- [What you have to do] Every line of the listing must be reproduced as it stands. Leave the images behind.

- [Source data]

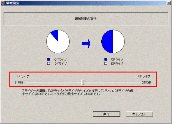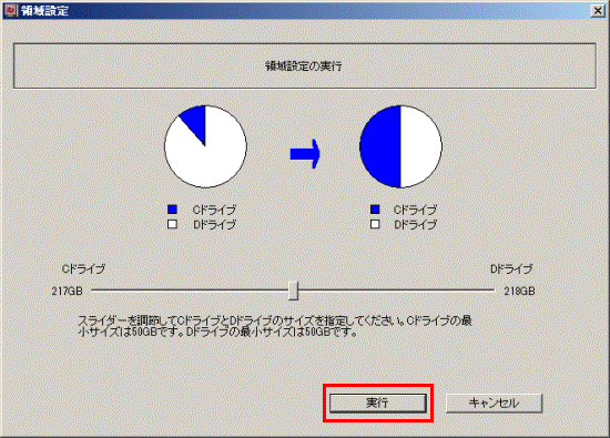 つまみを右に動かすと、Cドライブの領域(サイズ)が大きく、Dドライブの領域(サイズ)が小さくなります。 - 割り当てる領域(サイズ)を設定できたら、「実行」ボタンをクリックします。
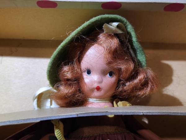 Nancy Ann Storybook Doll 92 Seasons Series, "Autumn", with original box. Doll is 5 1/2" tall, has jointed arms, clothing and doll are in good condition. Box lid has some edge splits on one side. $24...
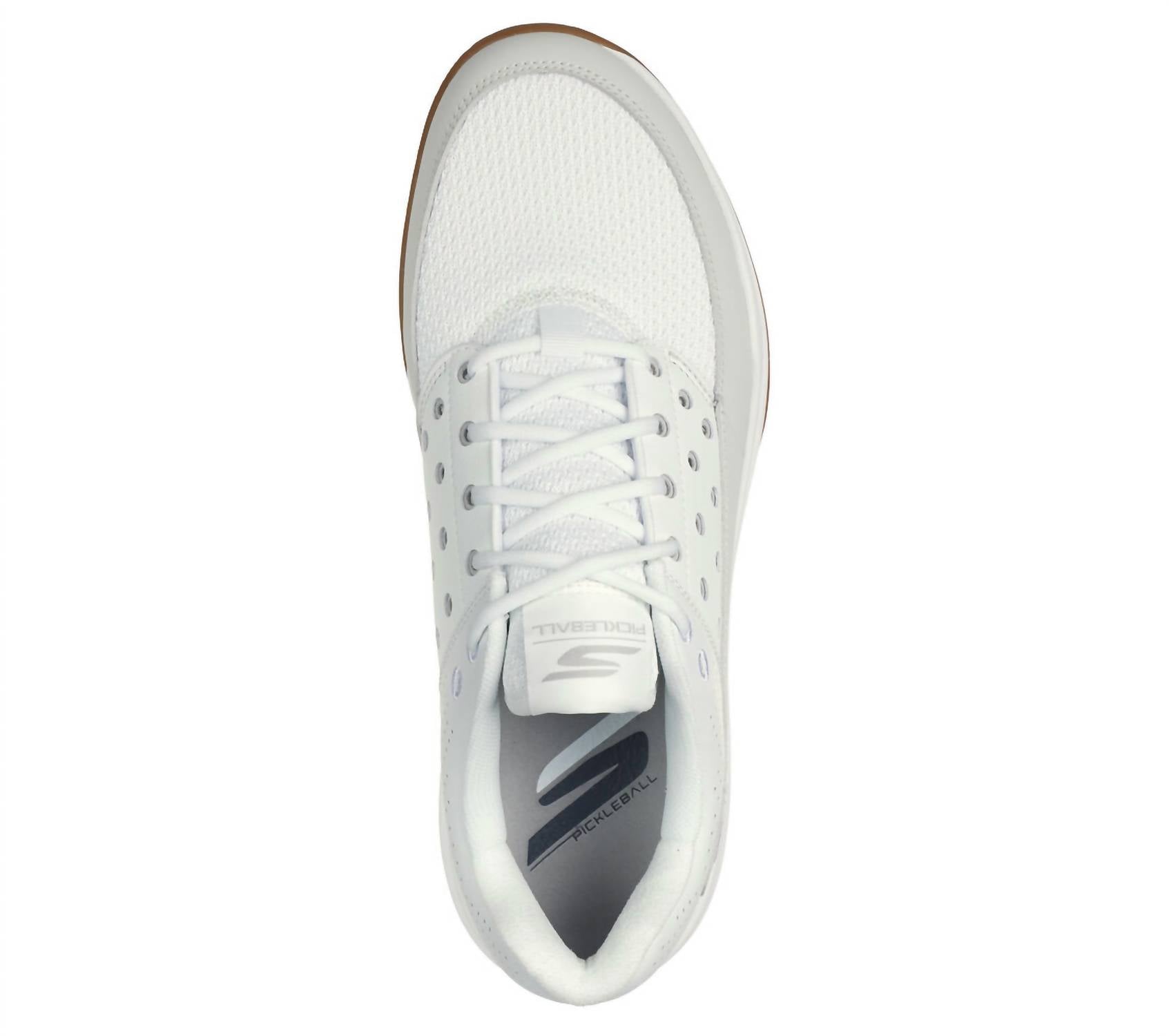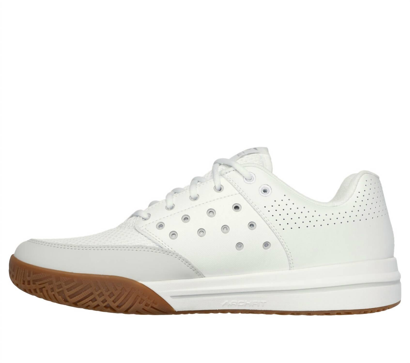 Eleve seu jogo com conforto incomparável com o Skechers Viper Court Luxe. Este tênis de corrida de alto desempenho com cadarço apresenta cabedal em couro e material sintético, palmilha Arch Fit® removível e amortecimento leve em espuma ULTRA GO®. Este design é complementado pelo solado Goodyear® Rubber Performance, desenvolvido para maior durabilidade e controle na superfície da quadra.
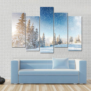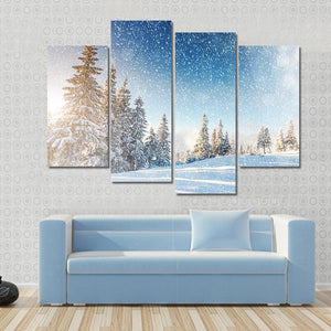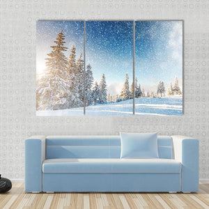 Immerse yourself in a serene winter landscape with this canvas art featuring a snowy forest scene. With sunlight filtering through the trees and delicate snowflakes falling, it captures the peaceful magic of winter.

- [Answer section]
 つまみを右に動かすと、Cドライブの領域(サイズ)が大きく、Dドライブの領域(サイズ)が小さくなります。 - 割り当てる領域(サイズ)を設定できたら、「実行」ボタンをクリックします。
 Nancy Ann Storybook Doll 92 Seasons Series, "Autumn", with original box. Doll is 5 1/2" tall, has jointed arms, clothing and doll are in good condition. Box lid has some edge splits on one side. $24...
 Eleve seu jogo com conforto incomparável com o Skechers Viper Court Luxe. Este tênis de corrida de alto desempenho com cadarço apresenta cabedal em couro e material sintético, palmilha Arch Fit® removível e amortecimento leve em espuma ULTRA GO®. Este design é complementado pelo solado Goodyear® Rubber Performance, desenvolvido para maior durabilidade e controle na superfície da quadra.
 Immerse yourself in a serene winter landscape with this canvas art featuring a snowy forest scene. With sunlight filtering through the trees and delicate snowflakes falling, it captures the peaceful magic of winter.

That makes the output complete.